- **Supplied information**:
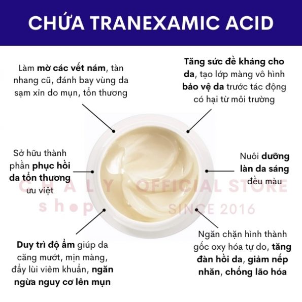 – Tranexamic acid cũng được biết tới với tác dụng làm chậm lại quá trình oxy hoá tế bào da hữu hiệu
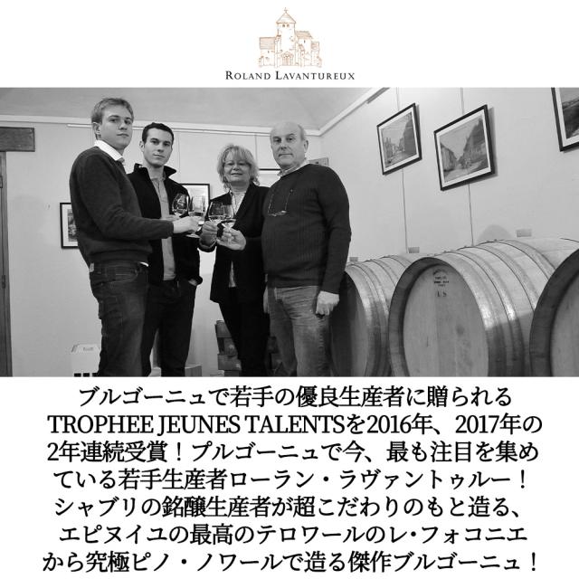 ブルゴーニュで若手の優良生産者に贈られるTROPHEE JEUNES TALENTSを2016年、2017年の2年連続受賞!プルゴーニュで今、最も注目を集めている若手生産者ローラン・ラヴァントゥルー!シャブリの銘醸生産者が超こだわりのもと造る、エピヌイユの最高のテロワールのレ・フォコニエから究極ピノ・ノワールで造る傑作ブルゴーニュ!
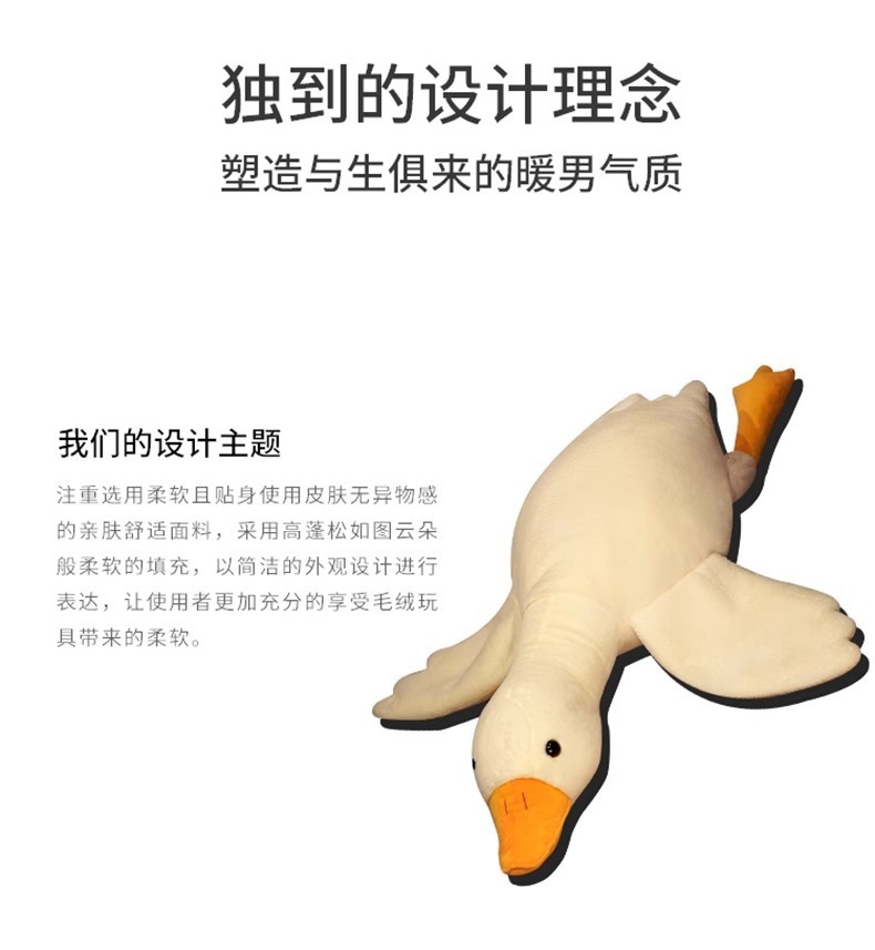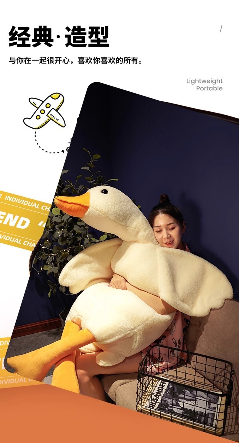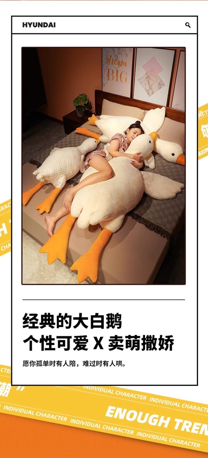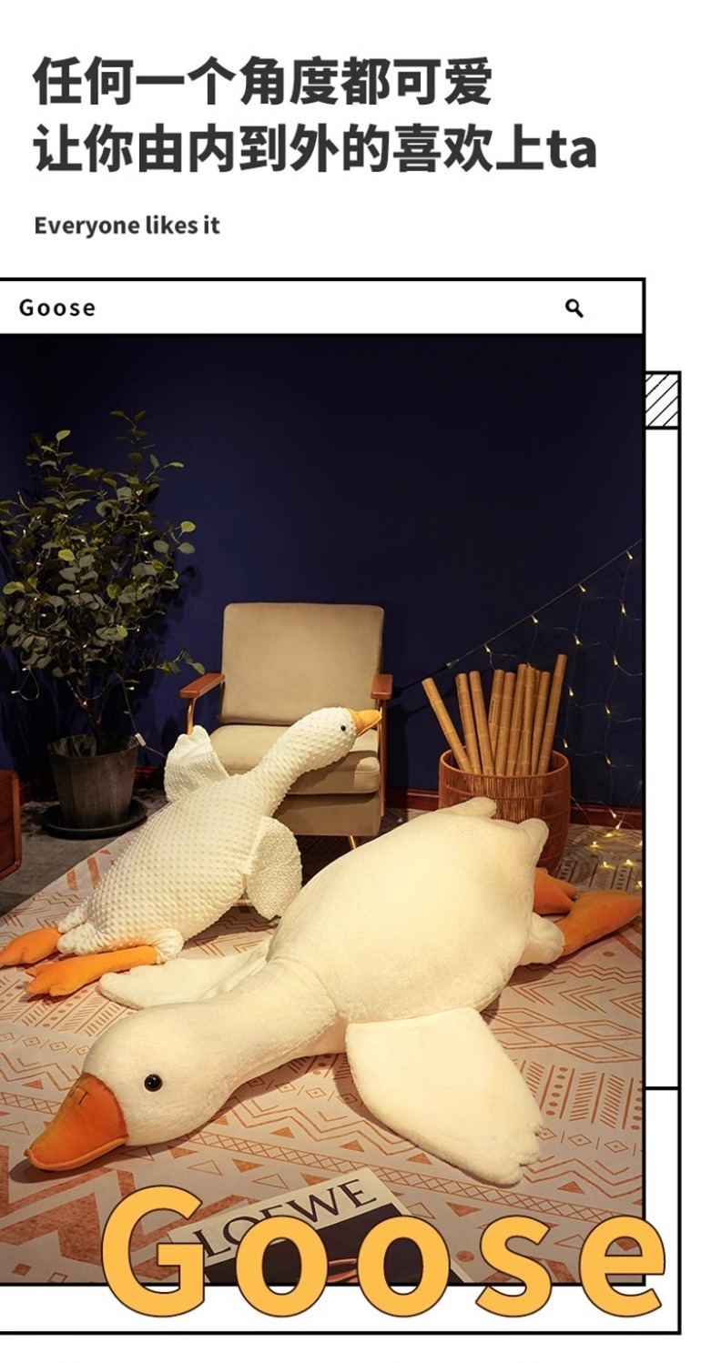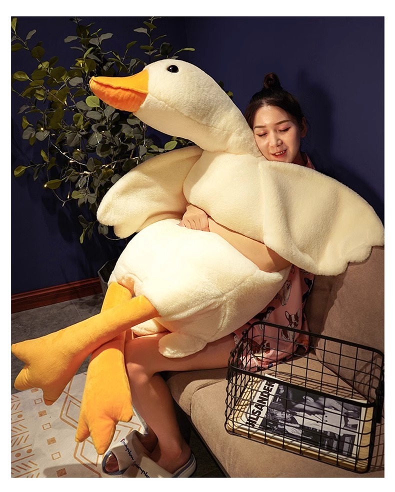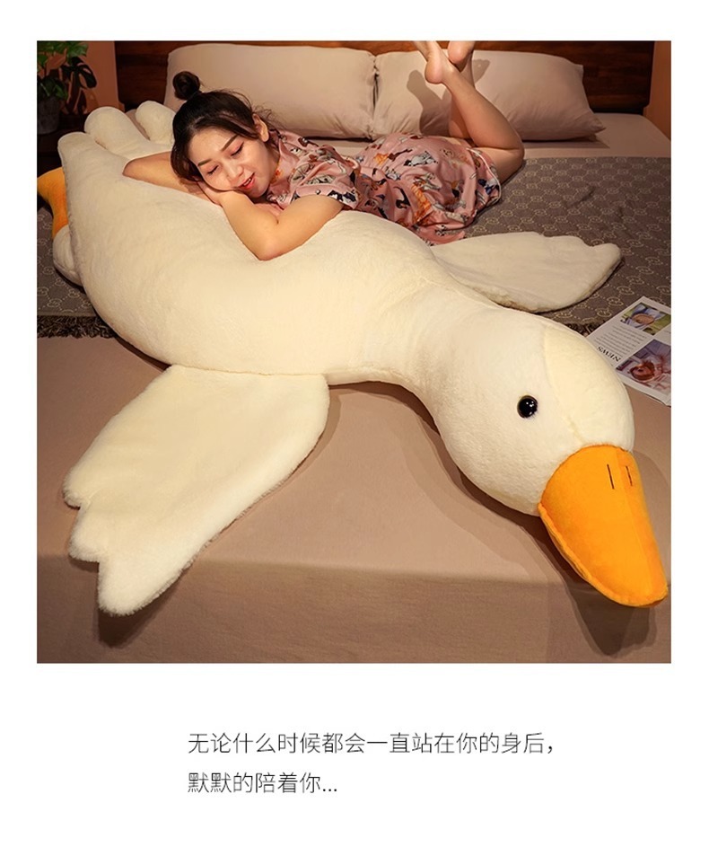 ガチョウは枕のぬいぐるみを抱いています。ガチョウのぬいぐるみは寝ています。
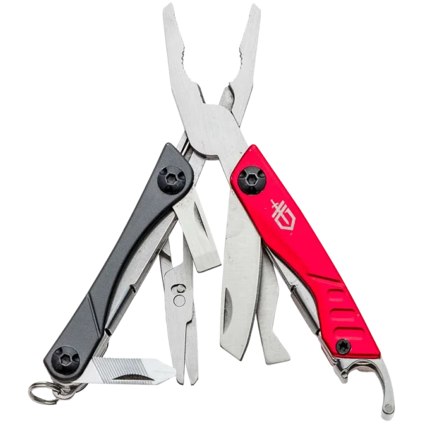 The Dime is a mini multi-tool, capable of being attached to keychains, lanyards, and more. Bustling with a wide variety of implements, including a pair of spring loaded needle nose pliers as its central appliance. The Dime mini multi-tool easily collapses down for fast transport, with tools folding into the handles. Features: Pliers Wire cutter Fine edge blade Retail package opener Scissors Medium flathead driver Crosshead driver Bottle opener Tweezers File
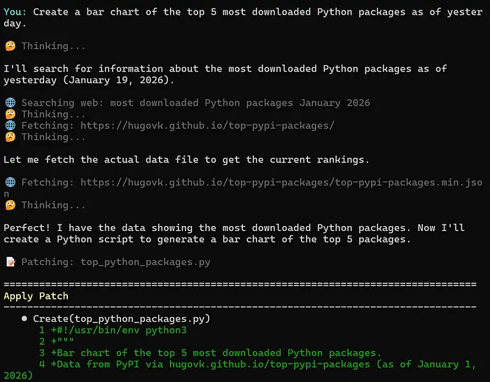在生成前5个下载量最大的Python包的条形图时,代理将默认遵循透明的、基于权限的工作流程:
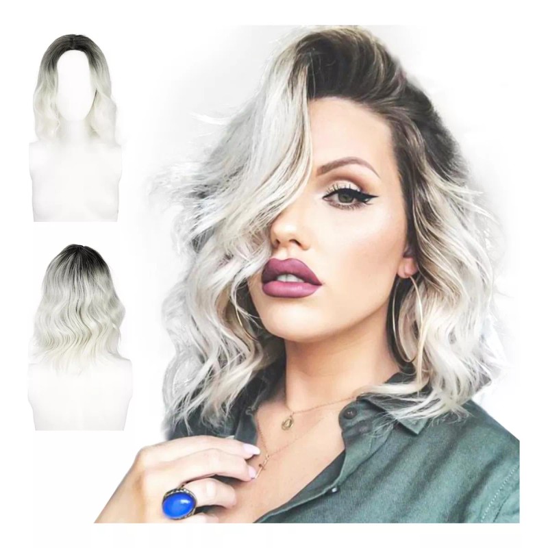 Ktmouw Peluca De Cabello Natural Cortas Ondulada Gris Para Mujer
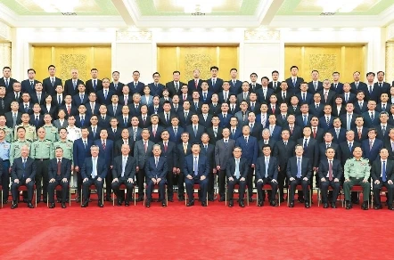 上午10時許,習近平等黨和國家領導人來到人民大會堂北大廳,全場響起長時間熱烈掌聲。習近平等同大家親切握手,并合影留念。

- **What you are asked to do**: Word for word, repeat the material above and drop the pictures.

- **Written answer**:
 – Tranexamic acid cũng được biết tới với tác dụng làm chậm lại quá trình oxy hoá tế bào da hữu hiệu
 ブルゴーニュで若手の優良生産者に贈られるTROPHEE JEUNES TALENTSを2016年、2017年の2年連続受賞!プルゴーニュで今、最も注目を集めている若手生産者ローラン・ラヴァントゥルー!シャブリの銘醸生産者が超こだわりのもと造る、エピヌイユの最高のテロワールのレ・フォコニエから究極ピノ・ノワールで造る傑作ブルゴーニュ!
 ガチョウは枕のぬいぐるみを抱いています。ガチョウのぬいぐるみは寝ています。
 The Dime is a mini multi-tool, capable of being attached to keychains, lanyards, and more. Bustling with a wide variety of implements, including a pair of spring loaded needle nose pliers as its central appliance. The Dime mini multi-tool easily collapses down for fast transport, with tools folding into the handles. Features: Pliers Wire cutter Fine edge blade Retail package opener Scissors Medium flathead driver Crosshead driver Bottle opener Tweezers File
在生成前5个下载量最大的Python包的条形图时,代理将默认遵循透明的、基于权限的工作流程:
 Ktmouw Peluca De Cabello Natural Cortas Ondulada Gris Para Mujer
 上午10時許,習近平等黨和國家領導人來到人民大會堂北大廳,全場響起長時間熱烈掌聲。習近平等同大家親切握手,并合影留念。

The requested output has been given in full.